Akademi Berbagi, Perempuan yang Menginisiasi Kelas Gratis

*Kustiah- www.Konde.co

Ainun Chomsun sungguh tak menyangka jika pertanyaan dan permintaan yang ia utarakan kepada seorang CEO Hotline dan pakar advertising Subyakto dalam sebuah live tweet pada Juli 2010 mendapatkan sambutan.

Padahal Subyakto tak mengenal Ainun, dan perempuan kelahiran Salatiga ini juga tak pernah bertemu. Ia hanya tahu bahwa Subyakto merupakan pakar advertising dan Ainun biasa mengikuti cool tweetnya.

Namun, jawaban Subyakto membuat Ainun senang bukan kepalang.

“Saat itu saya  memberanikan diri menyapa Pak Subyakto dan bertanya, kalau saya ingin belajar copy writing di mana pak ya?” ujar Ainun kepada penulis di rumahnya di kawasan Pondok Indah beberapa waktu lalu.

Tak lama kemudian yang ditanya langsung membalas. “Dia bilang, saya mau ngajarin, asalkan kamu bisa ngumpulin 10 orang,” katanya.

Merintis Kelas Berbagi

Sebenarnya Ainun bisa saja mengambil kursus untuk belajar copy writing. Namun, ia urung karena kesulitan  mencari guru yang cocok dan kalaupun ada biasanya pengajarnya bukan praktisi, juga faktor biaya kursus  yang tinggi.

Akhirnya, setelah mendapatkan jawaban dari Subyakto, Ainun bergegas mencari teman 10 orang untuk diajak bergabung belajar bersama dalam kelas coppy writing yang akan dipandu Subyakto. Kebanyakan yang diajaknya adalah para perempuan.

Tak disangka, ajakan yang ia bagikan melalui media sosial mendapat respon positif. Puluhan orang menyampaikan keinginannya untuk bergabung. Kuatir kelasnya tak efektif Ainun membatasi peserta hanya sekitar 20 orang saja. Padahal yang ingin bergabung banyak.

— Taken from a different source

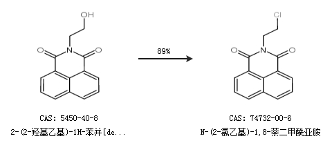 1.通過(guò)2-(2-羥基乙基)-1H-苯并[de]異喹啉-1,3(2H-)-二酮合成N-(2-氯乙基)-1,8-萘二甲酰亞胺,收率約89%;
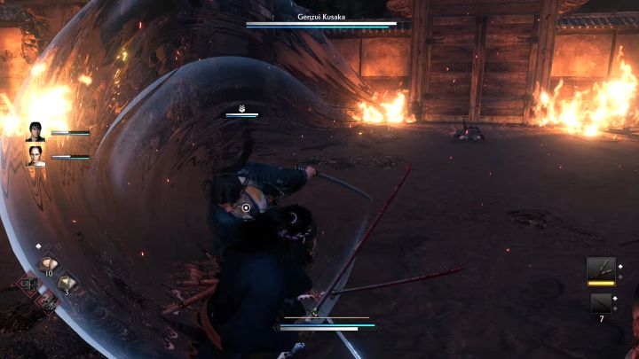 - Kusaka can also set his weapons on fire. The result of this is not only new moves, but also the risk of receiving fire damage, which can gradually deplete your health points.

Setelah kelas coppy writing yang berlangsung hingga beberapa kali yang dilakukan di kantor Subyakto selesai ternyata para peserta ketagihan. Mereka usul ke Ainun supaya mengadakan kelas lagi dengan tema baru.

Selanjutnya di waktu-waktu sesudah itu, menyusul ada kelas jurnalistik yang dipandu Budiono Darsono, yang saat itu menjabat Pemimpin Redaksi Detik.com. Kelas yang dilaksanakan di kantor detik ini juga banyak peminat bahkan berlangsung hingga empat kali.

Kelas yang diinisiasi Ainun tak terasa berlangsung hingga beberapa kali selama hampir tiga bulan. Seorang teman menyarankan supaya Ainun memberi nama kegiatannya yang selalu ia bagikan dalam: live tweet.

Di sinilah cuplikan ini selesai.